Your task: Beginning at the line containing "стационарный миксер; планетарное" in the material below and ending at the line containing "notebook for writing", return each line exactly and add nothing.

Records to use:

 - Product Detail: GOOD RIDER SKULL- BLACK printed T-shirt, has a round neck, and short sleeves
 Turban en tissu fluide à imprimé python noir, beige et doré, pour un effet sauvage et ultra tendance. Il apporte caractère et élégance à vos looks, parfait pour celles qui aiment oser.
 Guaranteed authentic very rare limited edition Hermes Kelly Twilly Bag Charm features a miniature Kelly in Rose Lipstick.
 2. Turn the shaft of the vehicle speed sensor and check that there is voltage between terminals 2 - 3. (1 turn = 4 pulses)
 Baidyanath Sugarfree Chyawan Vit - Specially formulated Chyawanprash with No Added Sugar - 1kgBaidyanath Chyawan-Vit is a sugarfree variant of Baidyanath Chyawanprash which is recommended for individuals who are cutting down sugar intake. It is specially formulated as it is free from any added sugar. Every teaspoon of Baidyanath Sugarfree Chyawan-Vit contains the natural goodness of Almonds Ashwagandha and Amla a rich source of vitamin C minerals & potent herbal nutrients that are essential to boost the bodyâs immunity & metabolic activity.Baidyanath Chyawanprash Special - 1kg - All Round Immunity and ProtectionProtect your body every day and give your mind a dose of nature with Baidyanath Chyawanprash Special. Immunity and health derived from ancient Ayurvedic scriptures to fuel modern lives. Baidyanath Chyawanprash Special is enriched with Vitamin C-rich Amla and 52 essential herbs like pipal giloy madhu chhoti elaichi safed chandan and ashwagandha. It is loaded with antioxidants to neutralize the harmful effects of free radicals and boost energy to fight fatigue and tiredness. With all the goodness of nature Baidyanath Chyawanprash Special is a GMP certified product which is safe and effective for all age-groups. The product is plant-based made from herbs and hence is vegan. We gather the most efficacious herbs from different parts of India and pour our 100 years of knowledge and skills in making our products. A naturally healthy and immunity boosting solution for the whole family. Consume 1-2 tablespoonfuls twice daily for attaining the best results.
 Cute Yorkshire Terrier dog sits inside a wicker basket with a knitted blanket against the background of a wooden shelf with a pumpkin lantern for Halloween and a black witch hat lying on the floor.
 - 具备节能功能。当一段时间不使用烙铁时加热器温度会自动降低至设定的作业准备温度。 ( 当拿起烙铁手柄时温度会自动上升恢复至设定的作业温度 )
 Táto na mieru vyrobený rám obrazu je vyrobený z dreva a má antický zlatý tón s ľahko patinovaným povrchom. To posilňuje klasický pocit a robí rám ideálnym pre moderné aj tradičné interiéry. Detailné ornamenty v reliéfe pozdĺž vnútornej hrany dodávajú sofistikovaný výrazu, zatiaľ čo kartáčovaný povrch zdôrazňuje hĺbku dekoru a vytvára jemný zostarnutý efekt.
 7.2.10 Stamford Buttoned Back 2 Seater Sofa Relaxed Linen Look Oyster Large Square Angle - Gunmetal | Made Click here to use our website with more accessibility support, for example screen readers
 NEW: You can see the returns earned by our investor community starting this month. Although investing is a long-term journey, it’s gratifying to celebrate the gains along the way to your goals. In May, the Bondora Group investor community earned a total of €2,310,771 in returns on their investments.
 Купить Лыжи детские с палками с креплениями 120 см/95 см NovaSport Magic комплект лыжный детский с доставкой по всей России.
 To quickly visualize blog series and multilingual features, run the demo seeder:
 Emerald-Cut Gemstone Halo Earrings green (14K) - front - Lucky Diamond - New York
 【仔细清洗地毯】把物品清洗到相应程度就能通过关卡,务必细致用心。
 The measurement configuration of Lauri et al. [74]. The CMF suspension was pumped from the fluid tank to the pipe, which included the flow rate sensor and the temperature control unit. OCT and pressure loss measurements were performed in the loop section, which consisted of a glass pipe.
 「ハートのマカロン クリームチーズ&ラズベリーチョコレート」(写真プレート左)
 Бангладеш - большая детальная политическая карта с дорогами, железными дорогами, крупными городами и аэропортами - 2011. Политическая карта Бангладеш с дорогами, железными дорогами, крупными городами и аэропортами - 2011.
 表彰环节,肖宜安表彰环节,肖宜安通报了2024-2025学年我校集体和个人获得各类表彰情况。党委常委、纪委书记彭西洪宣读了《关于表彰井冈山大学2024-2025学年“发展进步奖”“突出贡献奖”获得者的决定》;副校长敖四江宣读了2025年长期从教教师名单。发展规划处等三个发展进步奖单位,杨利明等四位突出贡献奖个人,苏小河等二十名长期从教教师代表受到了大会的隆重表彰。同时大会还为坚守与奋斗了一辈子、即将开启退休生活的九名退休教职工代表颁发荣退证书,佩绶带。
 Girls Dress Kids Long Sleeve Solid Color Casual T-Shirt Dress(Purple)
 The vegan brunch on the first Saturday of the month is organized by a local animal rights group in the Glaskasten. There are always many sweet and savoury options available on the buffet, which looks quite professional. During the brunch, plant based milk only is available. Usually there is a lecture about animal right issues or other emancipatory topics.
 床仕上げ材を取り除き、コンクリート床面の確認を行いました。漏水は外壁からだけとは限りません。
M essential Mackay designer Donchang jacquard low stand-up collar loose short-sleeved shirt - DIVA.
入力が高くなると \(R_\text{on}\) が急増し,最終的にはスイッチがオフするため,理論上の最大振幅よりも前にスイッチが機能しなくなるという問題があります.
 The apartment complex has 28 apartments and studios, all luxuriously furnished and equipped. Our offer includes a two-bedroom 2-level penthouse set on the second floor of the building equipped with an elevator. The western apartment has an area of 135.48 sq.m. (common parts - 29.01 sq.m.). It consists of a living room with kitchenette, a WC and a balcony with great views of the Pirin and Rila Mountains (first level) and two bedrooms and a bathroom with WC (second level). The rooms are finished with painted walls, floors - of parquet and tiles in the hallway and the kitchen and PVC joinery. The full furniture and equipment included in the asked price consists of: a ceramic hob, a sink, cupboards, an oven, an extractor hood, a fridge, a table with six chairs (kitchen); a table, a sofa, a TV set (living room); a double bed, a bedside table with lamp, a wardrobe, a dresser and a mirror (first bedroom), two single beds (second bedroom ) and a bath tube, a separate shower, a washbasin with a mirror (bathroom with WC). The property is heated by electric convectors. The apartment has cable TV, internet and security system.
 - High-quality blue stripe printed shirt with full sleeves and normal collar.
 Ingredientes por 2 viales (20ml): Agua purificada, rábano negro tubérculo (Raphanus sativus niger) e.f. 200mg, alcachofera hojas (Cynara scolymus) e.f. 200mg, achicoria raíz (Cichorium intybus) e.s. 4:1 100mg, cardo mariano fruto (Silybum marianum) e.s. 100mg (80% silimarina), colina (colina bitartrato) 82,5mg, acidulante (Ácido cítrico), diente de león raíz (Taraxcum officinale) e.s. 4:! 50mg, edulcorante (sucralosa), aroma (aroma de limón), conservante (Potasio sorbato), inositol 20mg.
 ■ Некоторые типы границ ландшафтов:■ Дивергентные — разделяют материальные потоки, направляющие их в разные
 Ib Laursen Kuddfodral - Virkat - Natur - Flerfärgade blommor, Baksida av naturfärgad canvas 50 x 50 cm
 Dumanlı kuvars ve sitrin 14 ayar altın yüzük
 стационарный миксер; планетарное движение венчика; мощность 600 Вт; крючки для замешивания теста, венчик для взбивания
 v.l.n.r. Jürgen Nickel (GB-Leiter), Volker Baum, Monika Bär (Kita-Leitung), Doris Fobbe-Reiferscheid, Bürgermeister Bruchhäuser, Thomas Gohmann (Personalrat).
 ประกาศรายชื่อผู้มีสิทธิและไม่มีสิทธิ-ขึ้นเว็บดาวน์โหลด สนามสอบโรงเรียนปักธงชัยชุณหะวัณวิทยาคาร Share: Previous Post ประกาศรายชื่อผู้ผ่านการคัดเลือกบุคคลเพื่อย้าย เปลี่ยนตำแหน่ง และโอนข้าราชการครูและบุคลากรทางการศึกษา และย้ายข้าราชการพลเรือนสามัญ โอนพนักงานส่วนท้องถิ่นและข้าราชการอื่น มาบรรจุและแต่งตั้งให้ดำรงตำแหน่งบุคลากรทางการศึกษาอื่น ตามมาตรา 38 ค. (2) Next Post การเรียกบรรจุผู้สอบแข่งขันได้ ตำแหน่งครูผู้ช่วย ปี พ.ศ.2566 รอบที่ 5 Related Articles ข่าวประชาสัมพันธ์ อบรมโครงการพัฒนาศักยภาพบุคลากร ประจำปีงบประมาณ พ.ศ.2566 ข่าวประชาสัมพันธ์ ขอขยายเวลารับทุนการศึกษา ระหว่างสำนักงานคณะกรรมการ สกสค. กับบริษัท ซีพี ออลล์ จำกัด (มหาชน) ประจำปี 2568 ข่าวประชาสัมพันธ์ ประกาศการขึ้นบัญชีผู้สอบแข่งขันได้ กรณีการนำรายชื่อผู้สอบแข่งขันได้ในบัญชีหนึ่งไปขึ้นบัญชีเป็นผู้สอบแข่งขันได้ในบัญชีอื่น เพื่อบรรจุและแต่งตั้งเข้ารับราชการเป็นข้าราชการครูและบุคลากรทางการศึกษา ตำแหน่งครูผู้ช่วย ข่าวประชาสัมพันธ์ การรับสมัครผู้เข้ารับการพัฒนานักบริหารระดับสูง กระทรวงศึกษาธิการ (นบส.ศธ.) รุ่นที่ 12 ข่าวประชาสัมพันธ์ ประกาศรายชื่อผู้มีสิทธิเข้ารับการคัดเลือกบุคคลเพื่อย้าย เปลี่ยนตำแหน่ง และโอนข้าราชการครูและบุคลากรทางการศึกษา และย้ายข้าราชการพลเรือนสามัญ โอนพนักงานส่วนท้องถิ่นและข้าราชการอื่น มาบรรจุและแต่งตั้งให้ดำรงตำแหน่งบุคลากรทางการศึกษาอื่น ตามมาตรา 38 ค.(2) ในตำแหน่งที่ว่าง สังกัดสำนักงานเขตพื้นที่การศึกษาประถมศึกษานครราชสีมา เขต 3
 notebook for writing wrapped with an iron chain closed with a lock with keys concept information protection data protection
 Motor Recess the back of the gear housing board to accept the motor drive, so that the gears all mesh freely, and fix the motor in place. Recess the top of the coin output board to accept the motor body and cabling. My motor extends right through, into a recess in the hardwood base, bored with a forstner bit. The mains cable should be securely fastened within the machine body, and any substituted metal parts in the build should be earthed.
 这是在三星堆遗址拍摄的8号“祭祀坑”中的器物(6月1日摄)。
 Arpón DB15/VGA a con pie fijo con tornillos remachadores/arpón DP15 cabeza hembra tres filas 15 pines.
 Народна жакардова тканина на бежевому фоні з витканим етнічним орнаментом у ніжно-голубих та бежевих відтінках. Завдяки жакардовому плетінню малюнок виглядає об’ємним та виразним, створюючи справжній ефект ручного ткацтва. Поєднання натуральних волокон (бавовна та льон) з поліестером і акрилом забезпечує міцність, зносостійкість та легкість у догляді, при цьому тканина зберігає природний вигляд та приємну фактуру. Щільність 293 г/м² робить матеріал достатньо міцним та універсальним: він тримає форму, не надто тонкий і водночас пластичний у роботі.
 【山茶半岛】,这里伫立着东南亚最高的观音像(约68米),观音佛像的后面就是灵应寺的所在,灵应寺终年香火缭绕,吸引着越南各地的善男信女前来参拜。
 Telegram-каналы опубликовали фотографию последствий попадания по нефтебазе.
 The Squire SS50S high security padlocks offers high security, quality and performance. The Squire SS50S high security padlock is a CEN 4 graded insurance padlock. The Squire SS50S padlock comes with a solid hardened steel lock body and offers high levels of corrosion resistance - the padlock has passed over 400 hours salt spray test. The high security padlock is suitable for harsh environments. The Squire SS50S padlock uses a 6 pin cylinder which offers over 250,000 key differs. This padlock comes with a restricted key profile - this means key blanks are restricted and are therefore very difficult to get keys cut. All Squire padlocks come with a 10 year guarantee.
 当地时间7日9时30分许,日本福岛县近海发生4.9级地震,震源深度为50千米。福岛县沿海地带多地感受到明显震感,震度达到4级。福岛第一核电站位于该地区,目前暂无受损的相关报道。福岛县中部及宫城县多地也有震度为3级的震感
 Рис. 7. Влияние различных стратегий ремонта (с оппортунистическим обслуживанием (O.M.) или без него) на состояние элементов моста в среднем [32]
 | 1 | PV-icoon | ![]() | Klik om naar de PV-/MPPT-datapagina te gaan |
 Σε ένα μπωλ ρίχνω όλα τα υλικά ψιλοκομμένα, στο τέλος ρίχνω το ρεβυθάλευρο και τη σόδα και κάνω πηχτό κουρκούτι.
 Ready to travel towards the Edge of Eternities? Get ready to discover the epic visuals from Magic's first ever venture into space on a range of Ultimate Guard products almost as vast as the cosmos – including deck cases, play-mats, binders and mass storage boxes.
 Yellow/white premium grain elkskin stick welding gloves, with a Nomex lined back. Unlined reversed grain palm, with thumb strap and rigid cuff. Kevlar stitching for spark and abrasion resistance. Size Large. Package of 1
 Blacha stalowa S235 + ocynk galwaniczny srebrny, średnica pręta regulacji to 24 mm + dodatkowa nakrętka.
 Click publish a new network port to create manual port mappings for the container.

Solution to the exercise:
 стационарный миксер; планетарное движение венчика; мощность 600 Вт; крючки для замешивания теста, венчик для взбивания
 v.l.n.r. Jürgen Nickel (GB-Leiter), Volker Baum, Monika Bär (Kita-Leitung), Doris Fobbe-Reiferscheid, Bürgermeister Bruchhäuser, Thomas Gohmann (Personalrat).
 ประกาศรายชื่อผู้มีสิทธิและไม่มีสิทธิ-ขึ้นเว็บดาวน์โหลด สนามสอบโรงเรียนปักธงชัยชุณหะวัณวิทยาคาร Share: Previous Post ประกาศรายชื่อผู้ผ่านการคัดเลือกบุคคลเพื่อย้าย เปลี่ยนตำแหน่ง และโอนข้าราชการครูและบุคลากรทางการศึกษา และย้ายข้าราชการพลเรือนสามัญ โอนพนักงานส่วนท้องถิ่นและข้าราชการอื่น มาบรรจุและแต่งตั้งให้ดำรงตำแหน่งบุคลากรทางการศึกษาอื่น ตามมาตรา 38 ค. (2) Next Post การเรียกบรรจุผู้สอบแข่งขันได้ ตำแหน่งครูผู้ช่วย ปี พ.ศ.2566 รอบที่ 5 Related Articles ข่าวประชาสัมพันธ์ อบรมโครงการพัฒนาศักยภาพบุคลากร ประจำปีงบประมาณ พ.ศ.2566 ข่าวประชาสัมพันธ์ ขอขยายเวลารับทุนการศึกษา ระหว่างสำนักงานคณะกรรมการ สกสค. กับบริษัท ซีพี ออลล์ จำกัด (มหาชน) ประจำปี 2568 ข่าวประชาสัมพันธ์ ประกาศการขึ้นบัญชีผู้สอบแข่งขันได้ กรณีการนำรายชื่อผู้สอบแข่งขันได้ในบัญชีหนึ่งไปขึ้นบัญชีเป็นผู้สอบแข่งขันได้ในบัญชีอื่น เพื่อบรรจุและแต่งตั้งเข้ารับราชการเป็นข้าราชการครูและบุคลากรทางการศึกษา ตำแหน่งครูผู้ช่วย ข่าวประชาสัมพันธ์ การรับสมัครผู้เข้ารับการพัฒนานักบริหารระดับสูง กระทรวงศึกษาธิการ (นบส.ศธ.) รุ่นที่ 12 ข่าวประชาสัมพันธ์ ประกาศรายชื่อผู้มีสิทธิเข้ารับการคัดเลือกบุคคลเพื่อย้าย เปลี่ยนตำแหน่ง และโอนข้าราชการครูและบุคลากรทางการศึกษา และย้ายข้าราชการพลเรือนสามัญ โอนพนักงานส่วนท้องถิ่นและข้าราชการอื่น มาบรรจุและแต่งตั้งให้ดำรงตำแหน่งบุคลากรทางการศึกษาอื่น ตามมาตรา 38 ค.(2) ในตำแหน่งที่ว่าง สังกัดสำนักงานเขตพื้นที่การศึกษาประถมศึกษานครราชสีมา เขต 3
 notebook for writing wrapped with an iron chain closed with a lock with keys concept information protection data protection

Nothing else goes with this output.